Un piccolo test per verificare se lo stacco del gruppo al momento giusto. Subito dopo aver staccato il gruppo di mungitura, una seconda persona continui a mungere a mano i quarti raccogliendo il latte, ripetendo per almeno 10 vacche. Se viene raccolto ¼ di litro per vacca è normale. Se viene raccolto ½ litro distribuito tra i quarti è accettabile, ma molta attenzione alla posizione del gruppo. Se è più di ½ litro c'è un problema da risolvere. E' necessario l'intervento di uno specialista di sistemi di mungitura. Lo stacco del gruppo deve essere fatto in modo delicato interrompendo il vuoto con la chiusura del collettore attendere alcuni attimi e staccare tutti e quattro contemporaneamente. Evitare di staccare i prendicapezzoli uno alla volta. L'ingresso di aria nei prendicapezzoli staccati facilita il passaggio dei microrganismi negli altri quarti. Lo stacco automatico del gruppo è la soluzione migliore. E' importante verificare periodicamente la portata del flussometro e i tempi di intervento delle diverse fasi. Nella mungitura alla posta va evitato l'ingresso d'aria dal collettore per far entrare il latte presente nel collettore in quanto si va a creare fluttuazioni di vuoto. La mungitura di vacche con tre capezzoli va fatta chiudendo il prendicapezzoli non utilizzato con un tappo pulito.

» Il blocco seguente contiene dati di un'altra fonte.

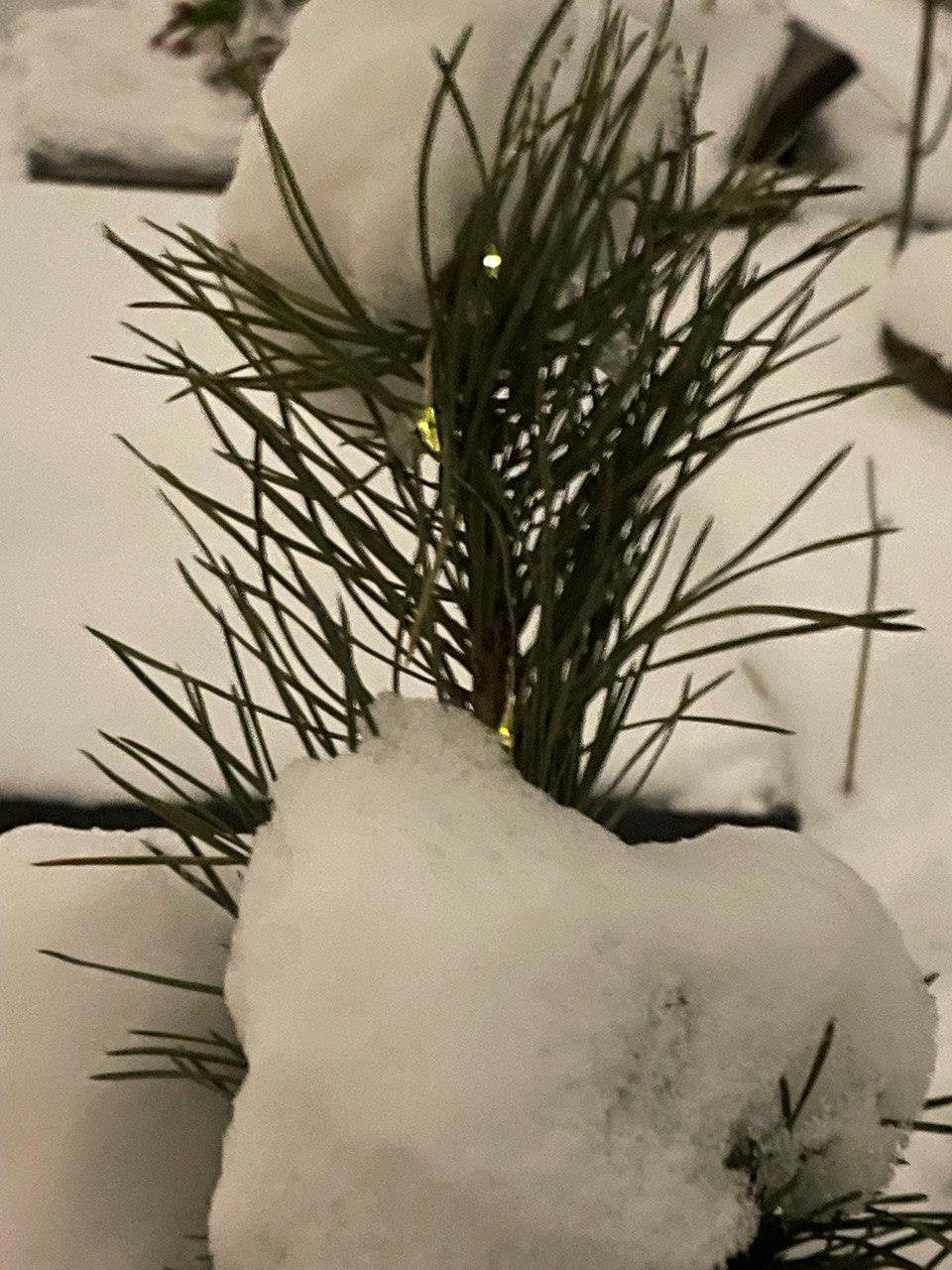 Автор: 01Гирлянду на елочке включили вечером 31 декабря 2022, чтобы посветилась в новогоднюю ночь. Две пальчиковые батарейки дюрасел в пластиковом контейнере были завернуты в целлофановый пакет и спрятаны поглубже под ветки от снега и дождя.

Per verificare se l'operatore di mungitura adotta una routine corretta e se la macchina è tarata con parametri adeguati in funzione del flusso del latte delle vacche in allevamento, è opportuno, almeno una volta all'anno, far rilevare da specialisti in mungitura con appositi strumenti elettronici, grafici sull'emissione del latte.

Opportunamente interpretati, questi grafici permettono di correggere sia la routine adottata, che la taratura dei flussometri e comando stacchi automatici, oltre ai parametri di funzionamento dell'impianto di mungitura.
L'applicazione del teat-dipping fatto immediatamente dopo lo stacco del gruppo di mungitura può aiutare a ridurre l'incidenza di mastiti contagiose in allevamento. E' importante utilizzare prodotti validi provvisti di schede tecniche e di sicurezza consegnate ai mungitori, dove sia possibile apprendere le corrette modalità d'uso e i principi attivi contenuti. Il post dipping oltre che un effetto disinfettante deve avere un effetto emolliente per i capezzoli e devono permettere la traspirazione dei tessuti. Molta attenzione alla tecnica da utilizzare per i prodotti filmanti, in quanto diventa indispensabile rimuovere tutta la pellicola con particolare attenzione allo sfintere alla mungitura successiva. L'applicazione deve essere su tutta la superficie del capezzolo, meglio l'immersione che lo spray. Nei periodi invernali con vento e freddo è opportuno far uscire le vacche dalla sala quando il post dipping è asciutto. L'applicatore del post dipping va pulito ad od ogni mungitura.
A termine mungitura è indispensabile effettuare l'esame del filtro del latte. Permette di valutare alcuni aspetti:
a)la presenza di sporcizia (lettiera e/o capezzoli poco puliti);
b)la presenza di grumi nel latte (problemi alle mammelle).